Ugh, I think I'm getting sick. And it's all my own stupid fault.
Last night, Clayton and I went to the library (party animals! Woot! Woot!) and while waiting in line to check out a few books, I made the observation that I have yet to catch the cold that seems to plague me every year in the beginning of February. Not one to take such declarations lightly, I knocked on a nearby wooden desk for good luck.
My darling husband immediately pointed out that the wooden desk I just rapped my knuckles against was actually laminate and that I totally just jinxed myself.
"Well, whatever," I said, huffily. "Not that I believe in supersititions anyway."
Fast-forward to less than 12 hours later: I stumble out of bed with a clogged nostril, a swollen throat and a general feeling of impending "ick".
It's just too ironic not to mention.
Hopefully I can keep my symptoms at bay and successfully self-medicate with consistent doses of Vitamin C and Zinc because two years ago I had a nasty head cold on Valentine's Day and our "romantic evening at home" turned into a Vick's Vapor Rub body massage and NyQuil-induced coma.
Last year, my head cold came a little earlier and I was spared the sniffles on V-Day, but I don't want to take any chances this year. Valentine's Day is only 2 days away. I don't have much time to prevent and/or mend.
I know a lot of people totally hate Valentine's Day, but I love the cheesy red-and-pink holiday celebration and all that comes with it. In fact, I'm probably into Valentine's Day more than most people! Critics love to argue that you don't need a designated holiday to express love and appreciation for your loved ones, but those people are clearly bitter about something in their own lives or they hate chocolate (both being types of people that I am deeply suspicious of). While I totally agree with the V-Day Bashers' initial sentiments of not needing a special day to honor love, I still think it's a fun excuse to do something out of the ordinary with your significant other or family. If a consumer-driven, manufactured holiday means I get an extra bouquet of flowers during the year, so be it.
Huh, I wonder why I feel like I can never say "I love Valentine's Day!" without feeling the need to justify and defend my statement? I do the same thing whenever I mention that I still watch Glee or say that I wish that 90s mall bangs would come back in style.

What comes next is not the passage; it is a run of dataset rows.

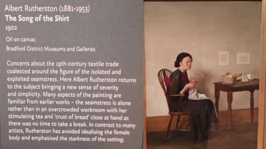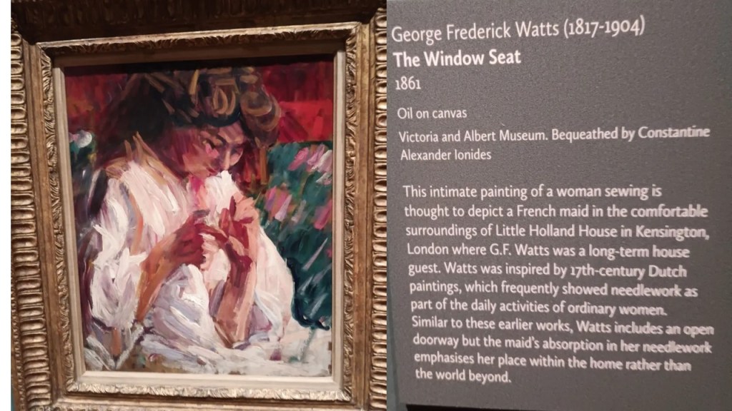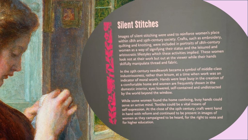 This takes us back to Room 1 and to the arguments there about how female behaviours were sometimes symbolised by the requirements of individual handcraft. Solitary silent stitching, the curators tell us, encapsulated a theory of female passivity with any dangerous activity in women absorbed in silent bonding together of things – stitching things together.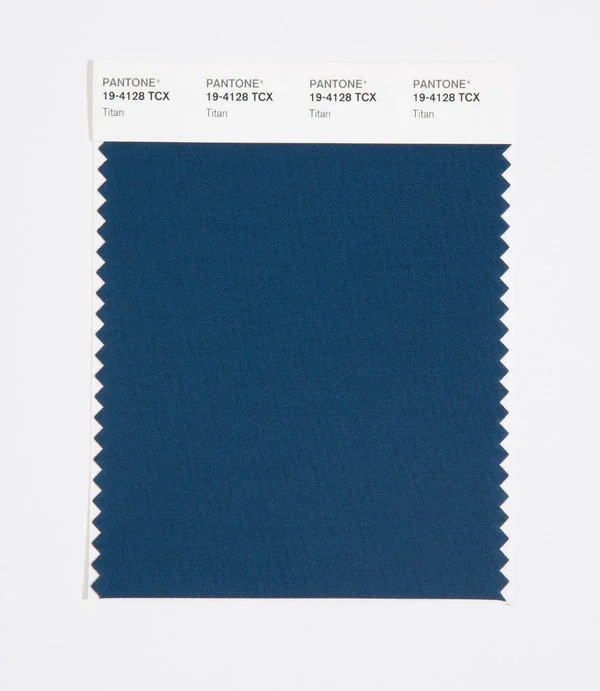 Titan is a deep and rich color from the Pantone TCX collection, identified by the code 19-4128 TCX. This cool tone with its balanced character makes it an excellent choice for professional services, maritime themes, and classic design.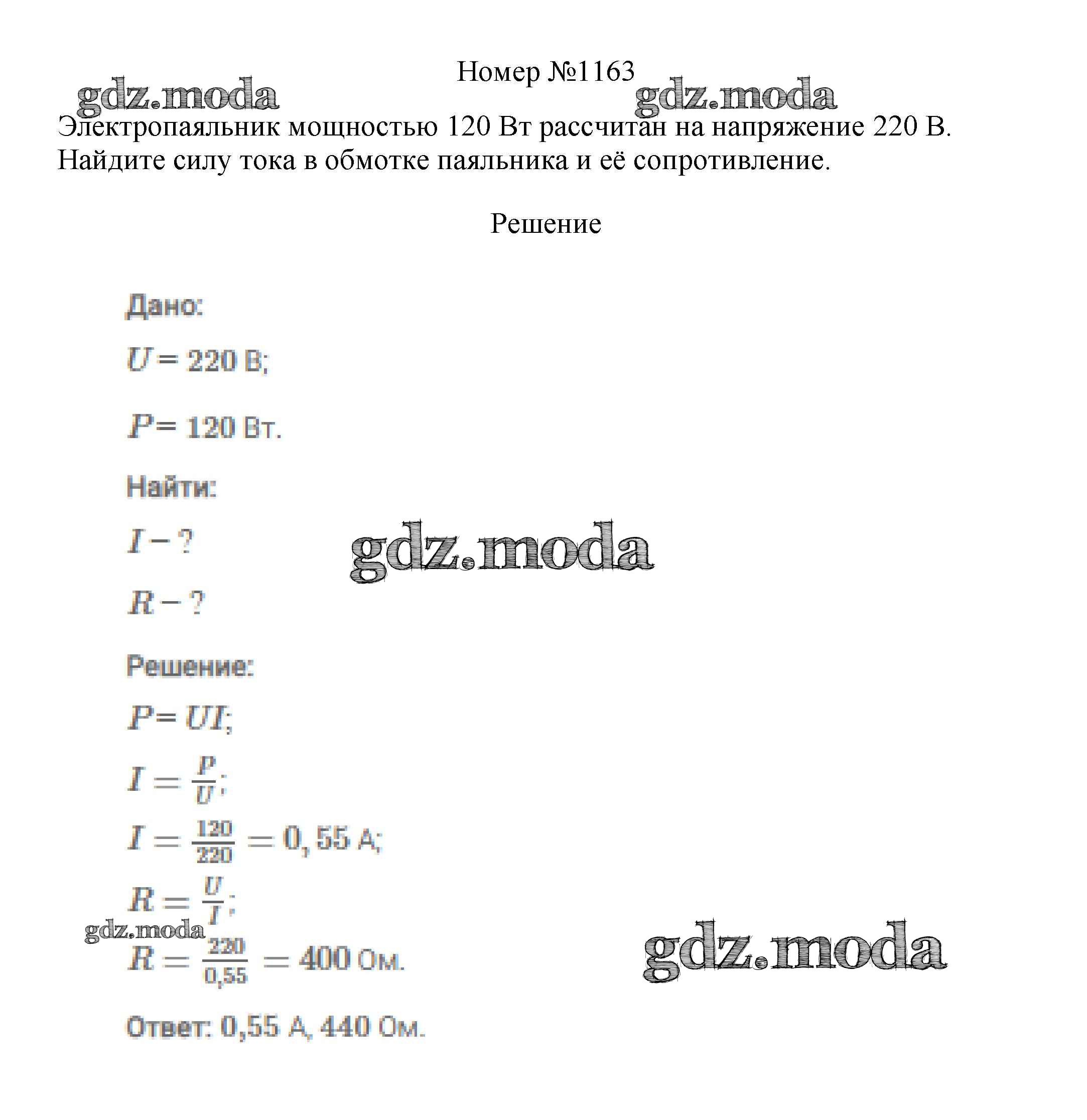 ГДЗ решение к заданию № 1163 Физика 7-9 классы сборник вопросов и задач Марон А.Е. Дрофа 2013 ФГОС бесплатно на гдз.мода!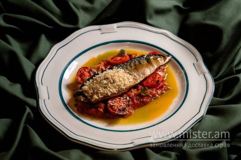 В ароматній овочевій сальсі з порею, селерою, чері, маслинами, анчоусами та пелаті. Завершується хрусткою панко-крихтою з цедрою лимона та базиліком.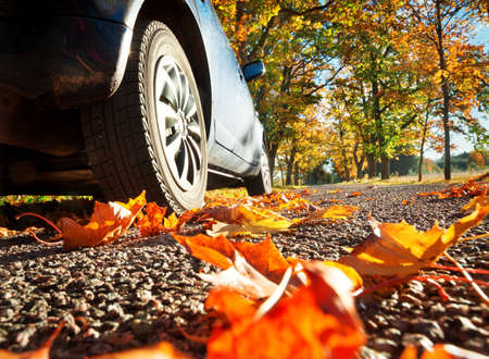 Car on the road in the autumn forest. Fallen leaves on the ground.

Last night I prepared to take my love of Valentine's Day to the office and stayed up way too late baking both of our coworkers cookies n' cream cupcakes! I was going to crown my darling little cupcakes with a whipped cookies n' cream icing made from lots and lots of Cool Whip, but after following the recipe exactly as it was written, the icing was not of spreading consistency. It was a chilly, drippy mess ... that tasted delicious. So I tossed the icing in a Tupperware container and stashed in the fridge for our next "Whipped Cream Soup" craving.
Dissapointed, I scrapped that batch and went back to my tried and true vanilla frosting recipe, this time adding a dozen crushed orea cookies to the mixture.
Though the pictures don't do the color justice, I dyed the icing pink with a few drops of red food coloring. The chunky cookie pieces made it impossible to use my frosting kit (boo!), so I had to settle for slapping on icing the old fashioned way—with a spatula.
I now have less than 24 hours to decide what to give up for Lent and as evidenced in the above photos, saying no to sugar or cake for 6 weeks probably isn't an option.
I've heard that you're not even supposed to acknowledge what you're giving up for Lent, that it's an expression of self-sacrifice solely between you and God. Well, I've got news for you: If I'm going to suffer, I won't do it quietly. (I'm incapable of doing anything quietly, according to Clayton.) PEOPLE NEED TO KNOW OF MY ANGUISH.
I'm just kidding.
I gave up Diet Coke last year and that went ... well. Who knows what I will choose this year. Whatever is, it can't be for personal gain (i.e. "If I give up food, think of how skinny I'll be after 6 weeks!" or "If I give up my job, I can sit around in my pajamas and eat Fruit Loops all day!"), so I'll have to think about it for awhile before I come to any radical decisions.
But of one thing you can be sure, I'm "Never Gonna Give You Up", Rick Astley.
And I know "I Won't Give Up" on Jason Mraz.
But you can certainly count on me to "Give Up the Funk"!
Okay, that's enough of that.
Do you participate in Lent? What have you "given up" in the past?